Drop the pictures and repeat exactly from the "Декор для творчества" line down to the last line of the entries below.

* Source records *
○ ○ ○ ○ ○

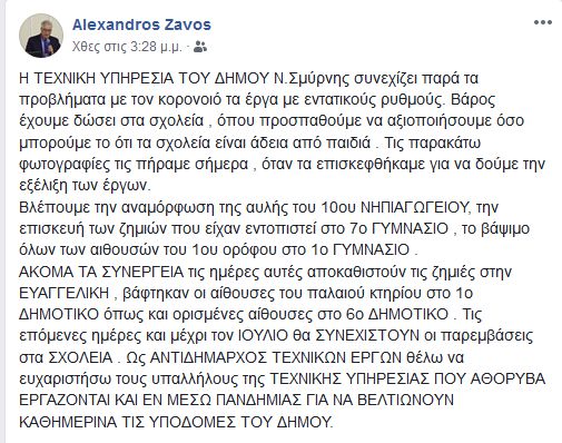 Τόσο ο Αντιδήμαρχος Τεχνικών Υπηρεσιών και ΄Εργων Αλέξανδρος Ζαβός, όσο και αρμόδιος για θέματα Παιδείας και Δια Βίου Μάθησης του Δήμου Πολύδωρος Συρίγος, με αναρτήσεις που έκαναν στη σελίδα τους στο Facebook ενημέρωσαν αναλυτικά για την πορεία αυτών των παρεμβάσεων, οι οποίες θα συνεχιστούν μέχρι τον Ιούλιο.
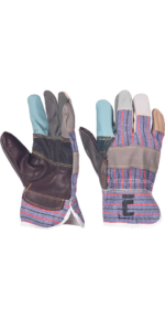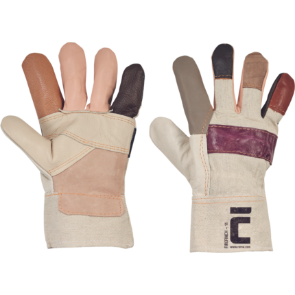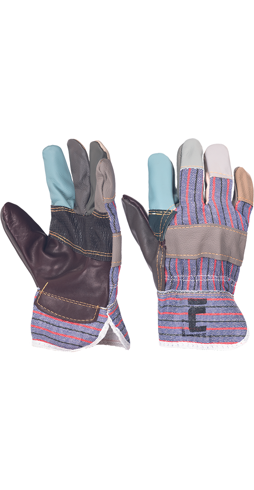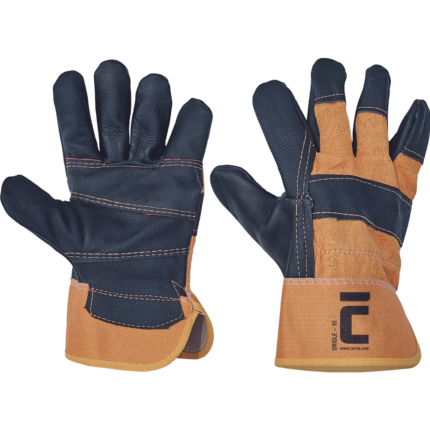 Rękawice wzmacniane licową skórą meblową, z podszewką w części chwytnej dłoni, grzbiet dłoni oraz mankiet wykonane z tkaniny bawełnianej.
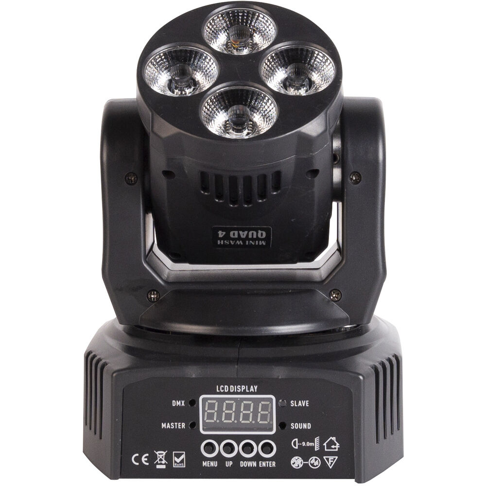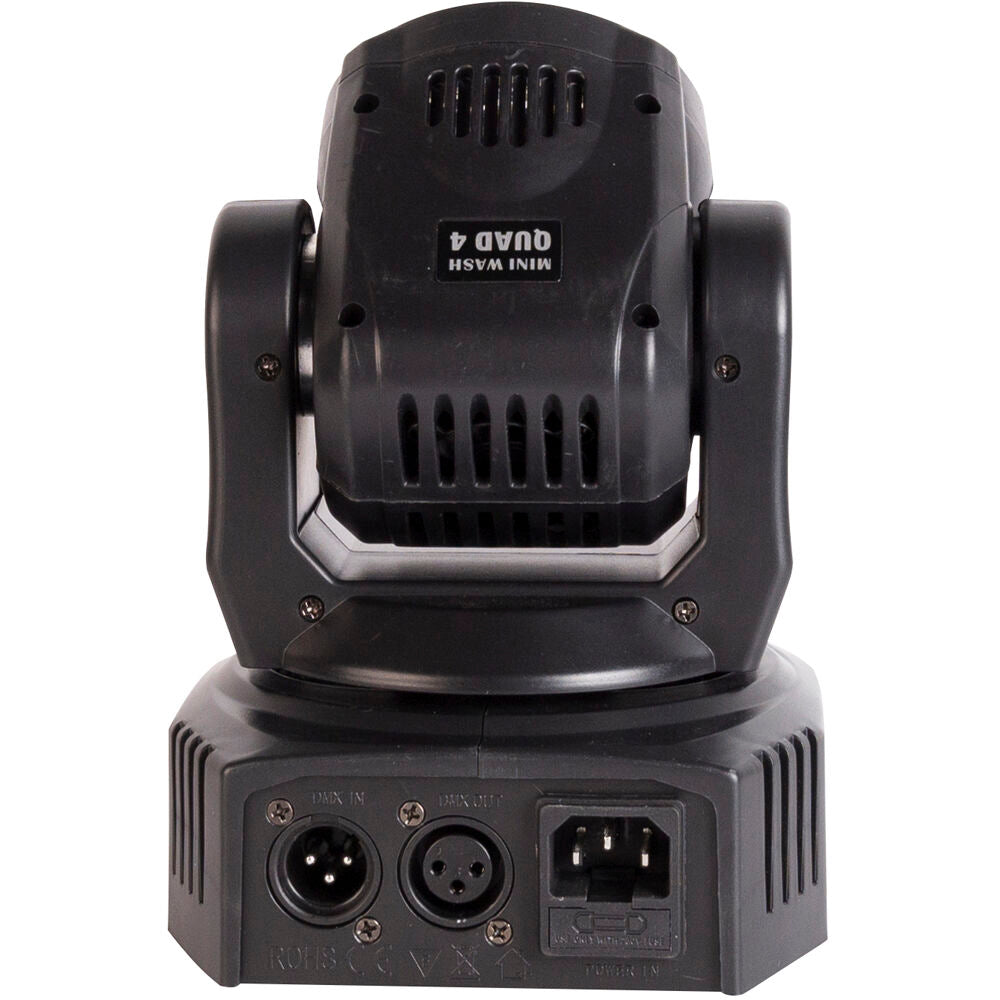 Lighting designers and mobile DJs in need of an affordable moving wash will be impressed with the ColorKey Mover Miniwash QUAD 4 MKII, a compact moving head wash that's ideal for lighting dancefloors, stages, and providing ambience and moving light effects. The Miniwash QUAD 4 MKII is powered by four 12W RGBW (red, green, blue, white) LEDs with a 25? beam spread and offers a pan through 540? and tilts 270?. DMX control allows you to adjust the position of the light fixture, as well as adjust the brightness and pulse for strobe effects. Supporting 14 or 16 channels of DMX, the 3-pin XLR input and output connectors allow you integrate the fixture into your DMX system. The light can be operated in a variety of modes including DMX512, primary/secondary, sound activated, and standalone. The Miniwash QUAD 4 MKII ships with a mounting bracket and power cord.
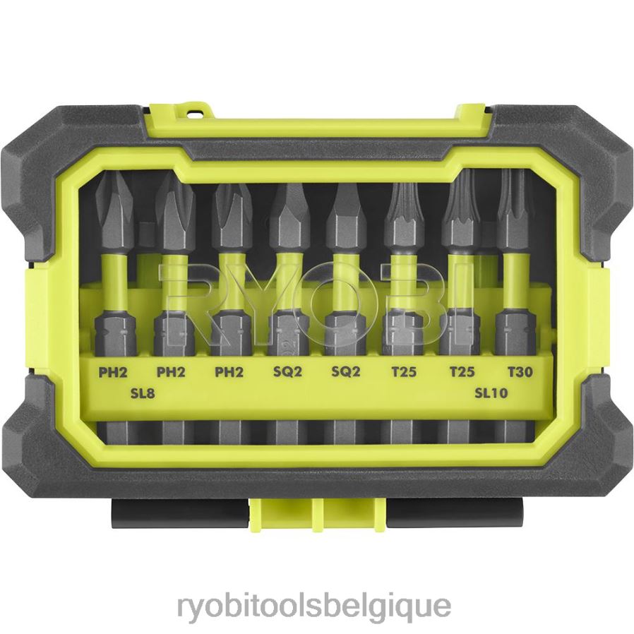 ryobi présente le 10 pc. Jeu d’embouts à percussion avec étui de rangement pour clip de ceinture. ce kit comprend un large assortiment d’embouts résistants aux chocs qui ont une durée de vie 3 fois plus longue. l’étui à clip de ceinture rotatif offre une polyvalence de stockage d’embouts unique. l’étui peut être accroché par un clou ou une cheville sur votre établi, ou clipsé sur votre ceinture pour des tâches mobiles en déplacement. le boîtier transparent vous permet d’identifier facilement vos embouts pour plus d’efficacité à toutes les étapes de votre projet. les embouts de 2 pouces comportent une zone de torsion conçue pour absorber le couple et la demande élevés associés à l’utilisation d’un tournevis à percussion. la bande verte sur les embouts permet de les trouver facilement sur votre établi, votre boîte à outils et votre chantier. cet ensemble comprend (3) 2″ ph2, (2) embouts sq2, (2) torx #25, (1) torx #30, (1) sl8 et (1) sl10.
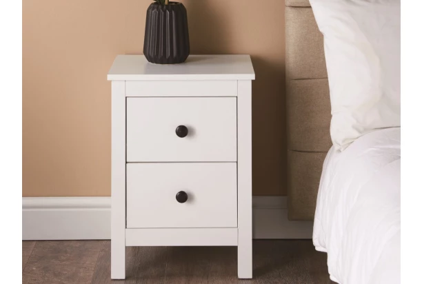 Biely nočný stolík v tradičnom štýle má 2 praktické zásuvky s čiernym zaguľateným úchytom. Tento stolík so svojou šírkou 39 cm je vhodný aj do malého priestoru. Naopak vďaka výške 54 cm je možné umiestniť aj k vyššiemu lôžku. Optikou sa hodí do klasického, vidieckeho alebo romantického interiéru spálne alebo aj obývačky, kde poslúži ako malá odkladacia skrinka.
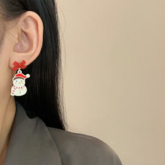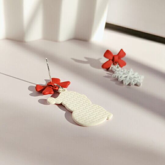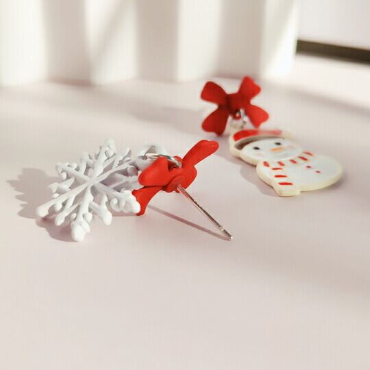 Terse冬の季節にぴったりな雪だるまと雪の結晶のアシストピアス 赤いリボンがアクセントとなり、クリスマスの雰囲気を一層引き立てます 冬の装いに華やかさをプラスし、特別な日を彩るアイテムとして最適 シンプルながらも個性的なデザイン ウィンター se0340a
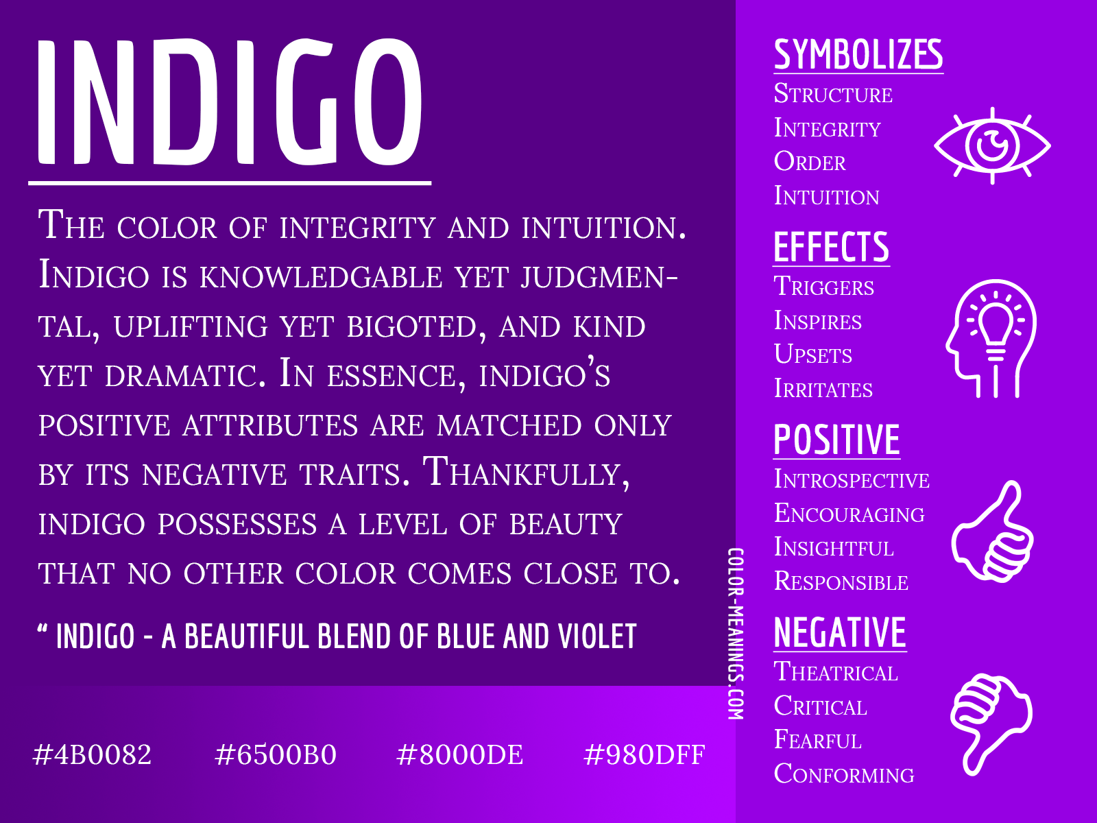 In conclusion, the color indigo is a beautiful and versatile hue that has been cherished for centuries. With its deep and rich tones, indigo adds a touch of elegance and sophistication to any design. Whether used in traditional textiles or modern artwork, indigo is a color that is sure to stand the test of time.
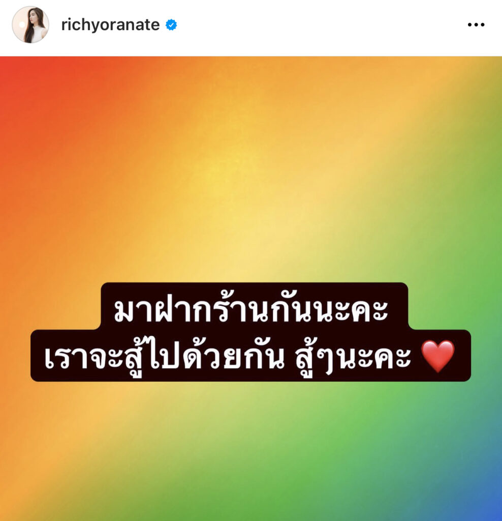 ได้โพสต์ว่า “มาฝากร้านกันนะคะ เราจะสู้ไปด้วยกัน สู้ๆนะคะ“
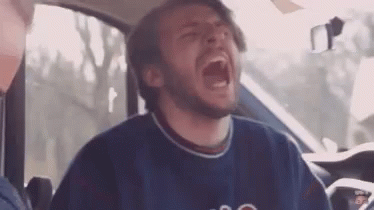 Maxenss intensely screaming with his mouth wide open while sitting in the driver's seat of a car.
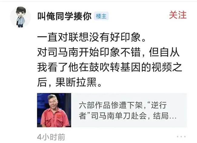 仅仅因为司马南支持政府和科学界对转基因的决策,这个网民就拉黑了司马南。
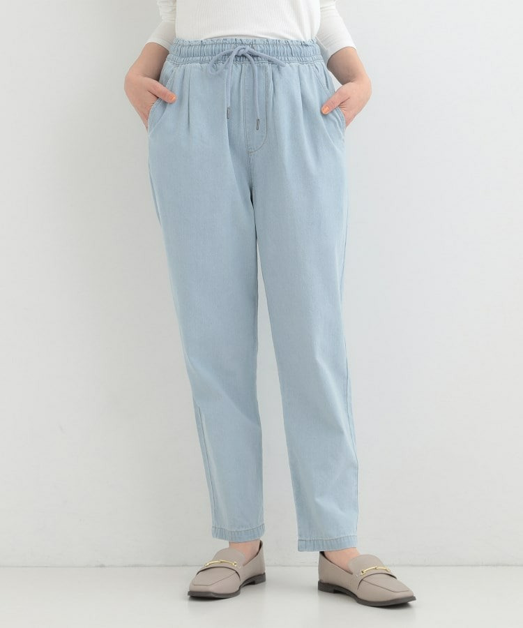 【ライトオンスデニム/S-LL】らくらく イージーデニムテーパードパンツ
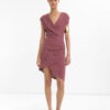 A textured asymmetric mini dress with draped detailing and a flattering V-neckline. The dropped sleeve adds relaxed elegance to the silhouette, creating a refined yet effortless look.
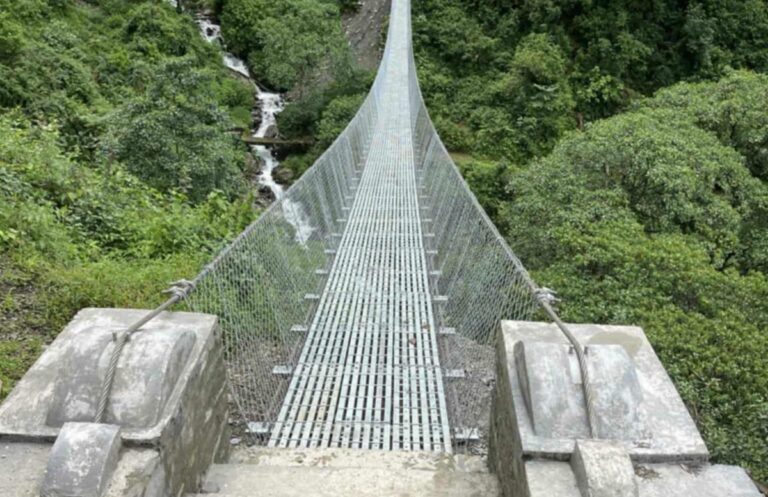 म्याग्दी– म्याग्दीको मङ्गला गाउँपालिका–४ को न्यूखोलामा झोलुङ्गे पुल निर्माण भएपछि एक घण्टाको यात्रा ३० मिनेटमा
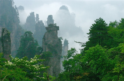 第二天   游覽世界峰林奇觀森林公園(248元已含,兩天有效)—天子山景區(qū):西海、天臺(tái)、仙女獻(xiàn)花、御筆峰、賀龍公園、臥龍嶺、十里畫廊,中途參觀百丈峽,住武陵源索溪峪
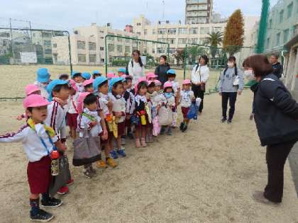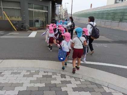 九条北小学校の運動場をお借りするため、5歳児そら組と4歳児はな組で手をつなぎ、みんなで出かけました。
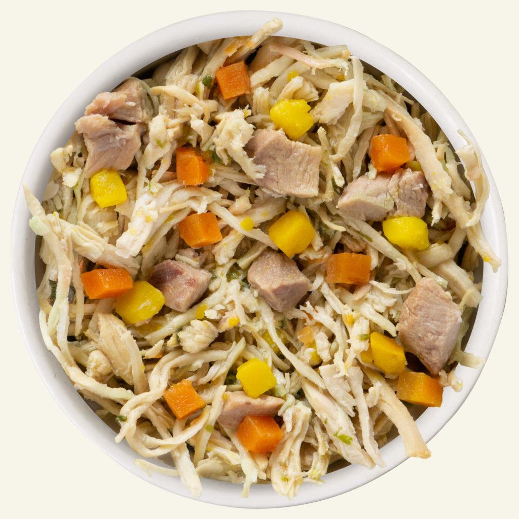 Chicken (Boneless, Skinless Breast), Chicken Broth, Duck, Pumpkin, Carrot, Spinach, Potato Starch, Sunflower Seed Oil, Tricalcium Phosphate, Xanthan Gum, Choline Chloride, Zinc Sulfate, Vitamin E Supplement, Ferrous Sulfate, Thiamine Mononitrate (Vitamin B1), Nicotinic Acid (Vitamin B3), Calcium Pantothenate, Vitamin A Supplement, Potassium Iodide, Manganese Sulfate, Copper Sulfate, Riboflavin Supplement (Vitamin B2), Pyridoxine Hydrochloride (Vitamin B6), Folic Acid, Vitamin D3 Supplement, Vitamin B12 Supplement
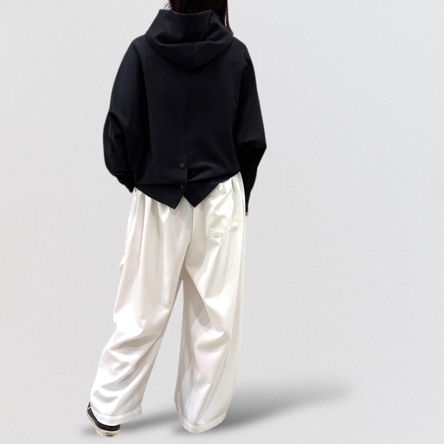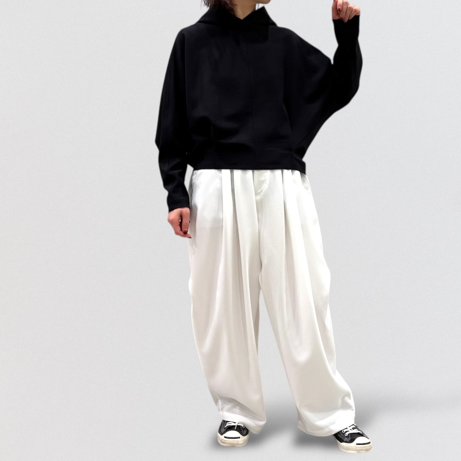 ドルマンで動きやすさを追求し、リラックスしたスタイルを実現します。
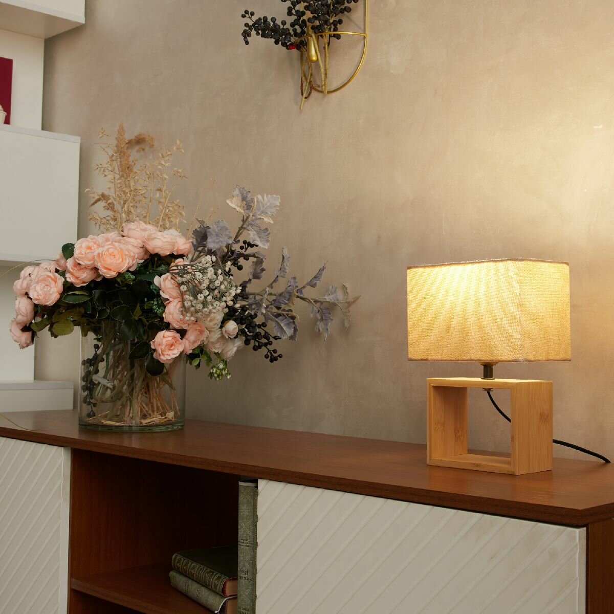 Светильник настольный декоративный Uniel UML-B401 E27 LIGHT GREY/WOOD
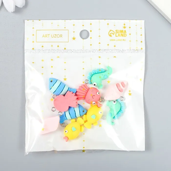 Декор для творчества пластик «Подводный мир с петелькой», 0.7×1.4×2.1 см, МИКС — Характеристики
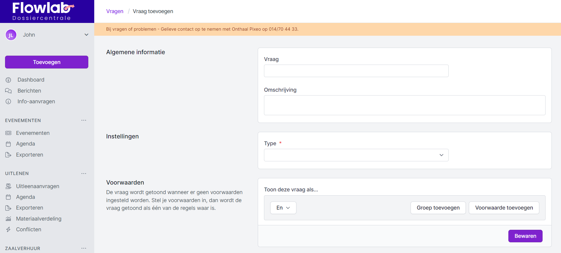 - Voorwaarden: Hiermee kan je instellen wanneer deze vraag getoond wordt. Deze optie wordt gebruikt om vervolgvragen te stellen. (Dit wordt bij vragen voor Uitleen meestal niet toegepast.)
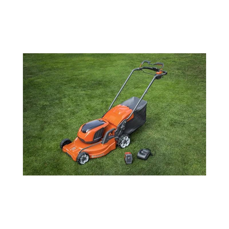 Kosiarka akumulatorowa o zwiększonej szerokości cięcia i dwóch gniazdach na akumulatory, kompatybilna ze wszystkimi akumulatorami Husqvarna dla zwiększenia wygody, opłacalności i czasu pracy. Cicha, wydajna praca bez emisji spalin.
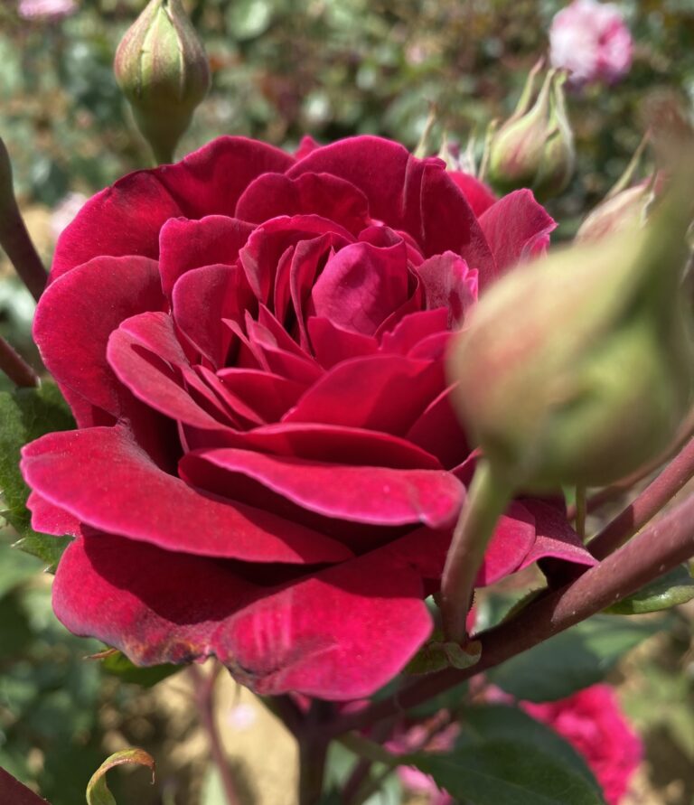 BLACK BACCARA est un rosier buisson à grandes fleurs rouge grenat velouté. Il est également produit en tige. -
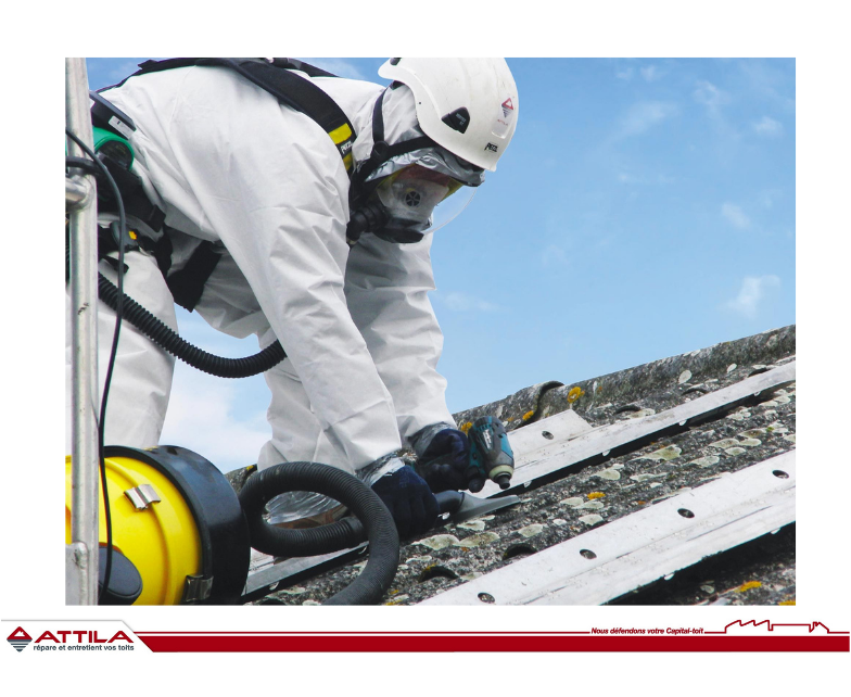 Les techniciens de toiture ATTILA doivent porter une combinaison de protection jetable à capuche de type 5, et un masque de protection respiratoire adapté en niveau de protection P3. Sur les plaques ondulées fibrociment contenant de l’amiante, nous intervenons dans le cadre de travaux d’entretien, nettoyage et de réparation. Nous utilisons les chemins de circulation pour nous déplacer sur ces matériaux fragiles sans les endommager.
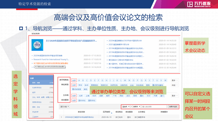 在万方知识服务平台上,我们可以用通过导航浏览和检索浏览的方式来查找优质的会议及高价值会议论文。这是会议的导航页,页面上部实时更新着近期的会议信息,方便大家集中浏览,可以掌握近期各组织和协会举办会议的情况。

○ ○ ○ ○ ○

* Task result *
 Декор для творчества пластик «Подводный мир с петелькой», 0.7×1.4×2.1 см, МИКС — Характеристики
 - Voorwaarden: Hiermee kan je instellen wanneer deze vraag getoond wordt. Deze optie wordt gebruikt om vervolgvragen te stellen. (Dit wordt bij vragen voor Uitleen meestal niet toegepast.)
 Kosiarka akumulatorowa o zwiększonej szerokości cięcia i dwóch gniazdach na akumulatory, kompatybilna ze wszystkimi akumulatorami Husqvarna dla zwiększenia wygody, opłacalności i czasu pracy. Cicha, wydajna praca bez emisji spalin.
 BLACK BACCARA est un rosier buisson à grandes fleurs rouge grenat velouté. Il est également produit en tige. -
 Les techniciens de toiture ATTILA doivent porter une combinaison de protection jetable à capuche de type 5, et un masque de protection respiratoire adapté en niveau de protection P3. Sur les plaques ondulées fibrociment contenant de l’amiante, nous intervenons dans le cadre de travaux d’entretien, nettoyage et de réparation. Nous utilisons les chemins de circulation pour nous déplacer sur ces matériaux fragiles sans les endommager.
 在万方知识服务平台上,我们可以用通过导航浏览和检索浏览的方式来查找优质的会议及高价值会议论文。这是会议的导航页,页面上部实时更新着近期的会议信息,方便大家集中浏览,可以掌握近期各组织和协会举办会议的情况。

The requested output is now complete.